### WHAT IS REQUIRED
The expected output is the full data, repeated exactly, without pictures.

### RECORDED INFORMATION
Content starts
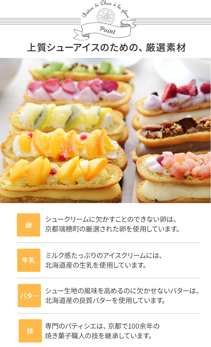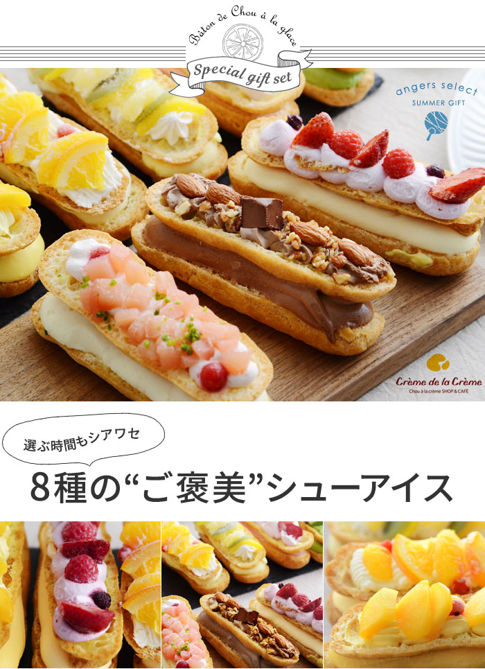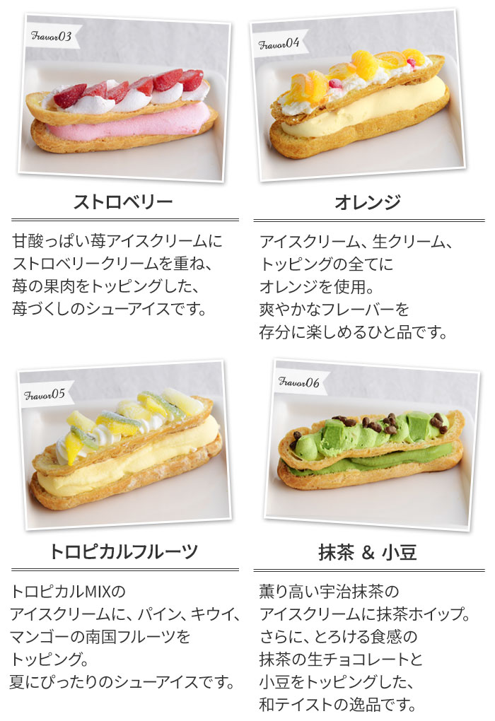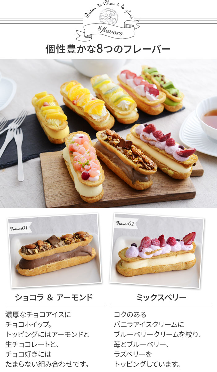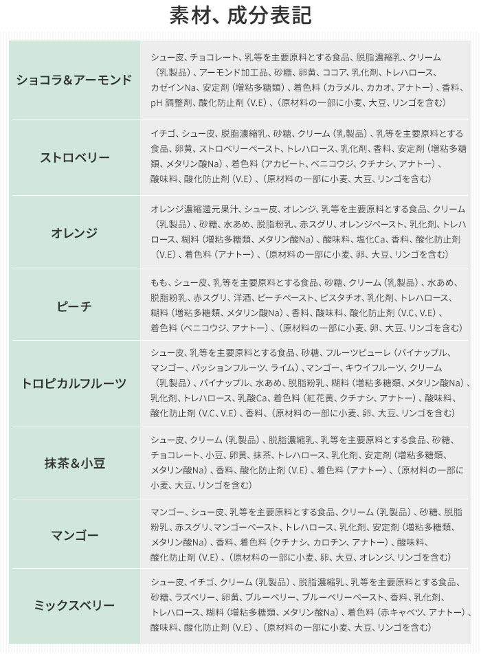 内容量:(ミックスベリー、トロピカルフルーツ、オレンジ、ショコラ&アーモンド、ストロベリー、マンゴー、抹茶&小豆、ピーチ)各1個
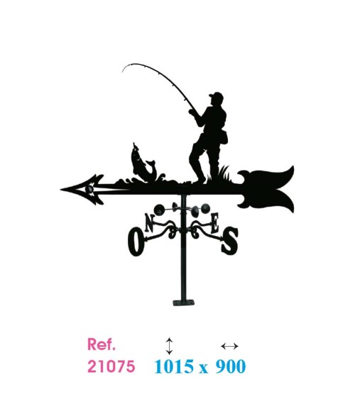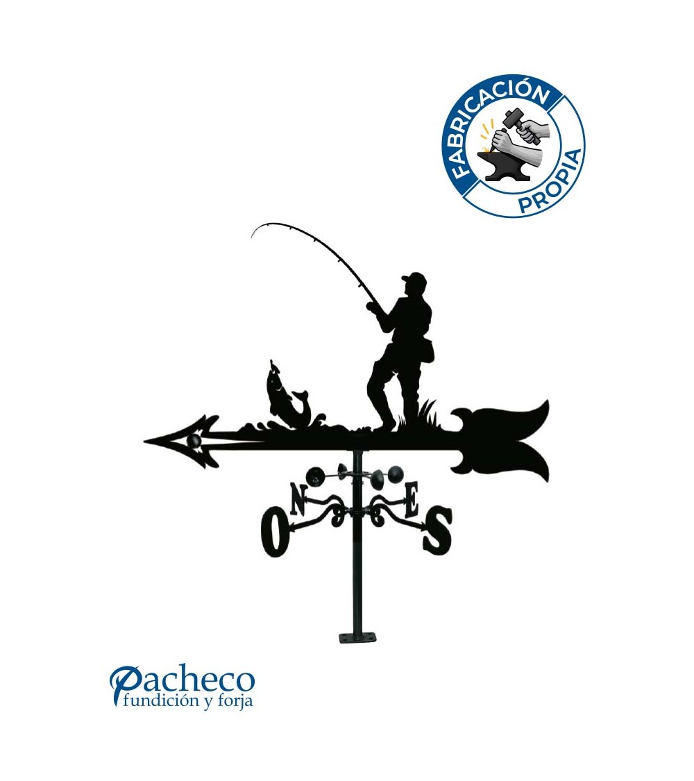 Veleta de Hierro Pescador para Tejado - Veleta de Viento con Cazoletas de Oficios Tradicionales Fabricada en España
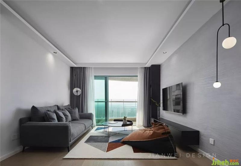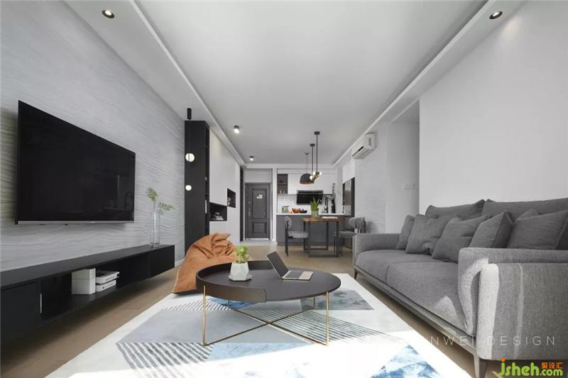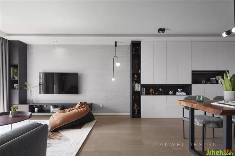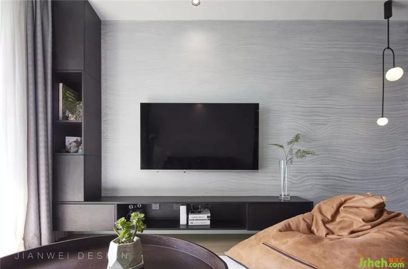 浅灰色的艺术漆面作为过渡中和了硬朗的黑色电视柜,几何线条吊灯提升空间的简约感。室内设计师
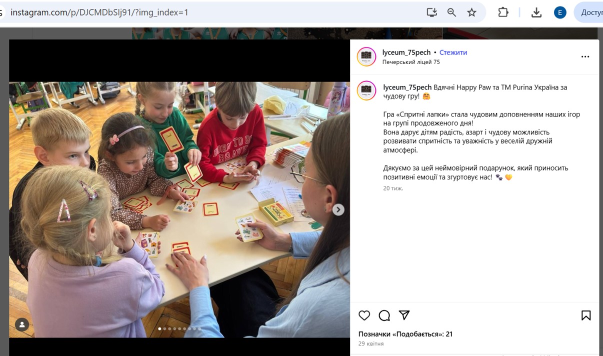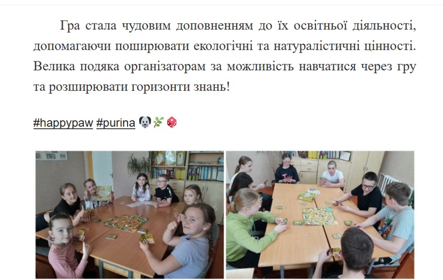 Також найактивніші учасники отримали від нашого Фонду та ТМ "Purina" один з подарунків: настільну гру "Happy paw", набір пазлів "Домашні улюбленці", карткову гру "Спритні лапки" або настільну гру "Знайди господаря".
Content ends
### WRITTEN ANSWER
 内容量:(ミックスベリー、トロピカルフルーツ、オレンジ、ショコラ&アーモンド、ストロベリー、マンゴー、抹茶&小豆、ピーチ)各1個
 Veleta de Hierro Pescador para Tejado - Veleta de Viento con Cazoletas de Oficios Tradicionales Fabricada en España
 浅灰色的艺术漆面作为过渡中和了硬朗的黑色电视柜,几何线条吊灯提升空间的简约感。室内设计师
 Також найактивніші учасники отримали від нашого Фонду та ТМ "Purina" один з подарунків: настільну гру "Happy paw", набір пазлів "Домашні улюбленці", карткову гру "Спритні лапки" або настільну гру "Знайди господаря".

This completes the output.